Supercapacitors are electronic components which can act like batteries, storing and releasing charge quickly. Flexible supercapacitors have been made before, but can only be shaped and stretched in predetermined ways, limiting their suitability for clothing applications. The Singapore team, from the School of Materials Science and Engineering of Nanyang Technical University, has been working on this topic for some years, and now claims to have developed a far more versatile material.
The NTU material retains itsability to store and release charge even when folded or stretched to many times its length
Rather than only being suitable for predetermined designs and structures, the shape and structure of the new material can be changed after manufacture without compromising its function as a power source, the team said in a paper in the journal Advanced Materials. It can be stretched in multiple directions, and when made into a honeycomb-like structure it can store electrical charge four times higher than other stretchy supercapacitors. Moreover, when stretched to four times its original length, it retains 98 per cent of its original charge capacity, even after 10,000 stretch-and-release cycles.
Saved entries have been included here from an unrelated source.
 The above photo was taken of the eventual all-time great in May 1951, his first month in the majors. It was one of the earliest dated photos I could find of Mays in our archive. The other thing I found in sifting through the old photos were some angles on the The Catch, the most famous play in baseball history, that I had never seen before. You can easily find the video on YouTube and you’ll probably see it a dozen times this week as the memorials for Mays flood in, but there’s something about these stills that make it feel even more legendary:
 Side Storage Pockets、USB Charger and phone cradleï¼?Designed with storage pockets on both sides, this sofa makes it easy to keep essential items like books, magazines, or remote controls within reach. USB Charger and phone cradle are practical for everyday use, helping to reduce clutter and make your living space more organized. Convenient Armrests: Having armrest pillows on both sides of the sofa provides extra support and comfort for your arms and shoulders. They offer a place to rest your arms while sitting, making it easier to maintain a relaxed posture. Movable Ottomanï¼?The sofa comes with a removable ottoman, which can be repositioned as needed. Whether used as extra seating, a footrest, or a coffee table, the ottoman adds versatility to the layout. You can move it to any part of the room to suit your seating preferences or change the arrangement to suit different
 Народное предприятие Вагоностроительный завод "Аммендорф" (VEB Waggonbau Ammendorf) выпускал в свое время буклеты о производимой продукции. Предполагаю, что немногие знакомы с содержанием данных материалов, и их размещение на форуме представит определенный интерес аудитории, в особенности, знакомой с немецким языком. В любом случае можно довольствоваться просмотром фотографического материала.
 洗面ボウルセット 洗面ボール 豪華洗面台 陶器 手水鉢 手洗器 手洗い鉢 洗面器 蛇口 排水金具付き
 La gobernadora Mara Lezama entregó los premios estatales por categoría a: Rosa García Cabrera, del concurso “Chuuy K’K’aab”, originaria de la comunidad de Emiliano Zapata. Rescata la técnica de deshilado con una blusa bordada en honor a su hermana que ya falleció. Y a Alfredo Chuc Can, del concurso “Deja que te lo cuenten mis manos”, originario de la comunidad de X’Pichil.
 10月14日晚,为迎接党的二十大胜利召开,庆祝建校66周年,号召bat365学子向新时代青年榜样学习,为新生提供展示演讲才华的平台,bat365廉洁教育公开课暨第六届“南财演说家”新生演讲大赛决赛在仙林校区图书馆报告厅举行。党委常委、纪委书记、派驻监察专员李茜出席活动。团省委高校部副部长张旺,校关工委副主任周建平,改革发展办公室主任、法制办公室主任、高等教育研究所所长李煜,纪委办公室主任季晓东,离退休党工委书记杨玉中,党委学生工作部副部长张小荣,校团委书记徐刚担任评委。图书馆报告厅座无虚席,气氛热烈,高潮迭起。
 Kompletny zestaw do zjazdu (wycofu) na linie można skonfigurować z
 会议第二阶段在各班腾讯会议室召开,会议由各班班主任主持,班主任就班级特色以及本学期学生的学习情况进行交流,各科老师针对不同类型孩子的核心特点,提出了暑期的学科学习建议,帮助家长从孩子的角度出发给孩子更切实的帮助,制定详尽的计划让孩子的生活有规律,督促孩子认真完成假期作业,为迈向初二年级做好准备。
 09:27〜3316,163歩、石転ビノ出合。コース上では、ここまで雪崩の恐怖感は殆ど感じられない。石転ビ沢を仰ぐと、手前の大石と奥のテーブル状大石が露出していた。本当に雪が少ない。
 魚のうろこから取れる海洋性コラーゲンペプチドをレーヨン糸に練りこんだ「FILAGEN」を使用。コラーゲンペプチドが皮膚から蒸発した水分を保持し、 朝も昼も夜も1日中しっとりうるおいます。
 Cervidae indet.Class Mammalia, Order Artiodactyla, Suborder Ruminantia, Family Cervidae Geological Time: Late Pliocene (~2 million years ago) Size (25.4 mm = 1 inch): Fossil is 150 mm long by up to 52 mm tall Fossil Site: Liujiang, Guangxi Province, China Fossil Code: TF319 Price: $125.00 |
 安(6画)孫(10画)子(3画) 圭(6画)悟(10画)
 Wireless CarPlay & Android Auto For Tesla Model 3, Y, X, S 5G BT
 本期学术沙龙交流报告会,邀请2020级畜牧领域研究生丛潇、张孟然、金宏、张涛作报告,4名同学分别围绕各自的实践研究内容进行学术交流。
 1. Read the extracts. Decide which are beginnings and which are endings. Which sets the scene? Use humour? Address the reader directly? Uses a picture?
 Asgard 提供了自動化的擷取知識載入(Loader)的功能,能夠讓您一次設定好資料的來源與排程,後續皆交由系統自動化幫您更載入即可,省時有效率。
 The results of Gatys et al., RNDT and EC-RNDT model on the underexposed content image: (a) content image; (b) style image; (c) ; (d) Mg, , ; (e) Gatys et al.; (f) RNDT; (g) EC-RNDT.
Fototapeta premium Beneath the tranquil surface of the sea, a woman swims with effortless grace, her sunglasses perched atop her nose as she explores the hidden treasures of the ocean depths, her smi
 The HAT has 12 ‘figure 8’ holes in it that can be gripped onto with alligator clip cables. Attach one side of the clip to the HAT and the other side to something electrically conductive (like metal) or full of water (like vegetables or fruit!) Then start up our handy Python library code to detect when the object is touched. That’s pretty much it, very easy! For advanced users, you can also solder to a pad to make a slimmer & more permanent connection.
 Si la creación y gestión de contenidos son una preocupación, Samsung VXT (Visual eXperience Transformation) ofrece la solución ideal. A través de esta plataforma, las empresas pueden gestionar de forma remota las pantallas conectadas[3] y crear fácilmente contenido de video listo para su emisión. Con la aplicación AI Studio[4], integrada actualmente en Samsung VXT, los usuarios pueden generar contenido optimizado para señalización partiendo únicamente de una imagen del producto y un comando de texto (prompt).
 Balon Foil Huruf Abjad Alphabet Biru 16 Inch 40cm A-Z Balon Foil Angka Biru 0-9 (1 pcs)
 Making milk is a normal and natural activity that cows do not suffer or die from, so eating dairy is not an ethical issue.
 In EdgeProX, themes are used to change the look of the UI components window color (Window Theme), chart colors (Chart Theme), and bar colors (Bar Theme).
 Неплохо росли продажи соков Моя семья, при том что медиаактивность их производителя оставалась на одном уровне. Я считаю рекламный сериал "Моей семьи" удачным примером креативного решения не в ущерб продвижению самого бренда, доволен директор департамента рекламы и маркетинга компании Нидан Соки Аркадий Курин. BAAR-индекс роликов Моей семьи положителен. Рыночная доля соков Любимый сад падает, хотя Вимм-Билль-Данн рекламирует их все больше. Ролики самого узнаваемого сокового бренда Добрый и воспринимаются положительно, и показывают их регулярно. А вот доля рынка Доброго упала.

The material is made from a composite material containing manganese dioxide nanowire electrodes. These are much longer than previous manganese dioxide fibre-based flexible supercapacitors, and reinforced with a network of carbon nanotubes and nanocellulose fibres, which the team said allows the electrodes to withstand the strain of stretching and folding. The material is easy to connect to other electronic components, and is claimed to be cheap to manufacture: team leader Prof Xiaodong Chen said it should cost around 10 US cents per square centimetre to make.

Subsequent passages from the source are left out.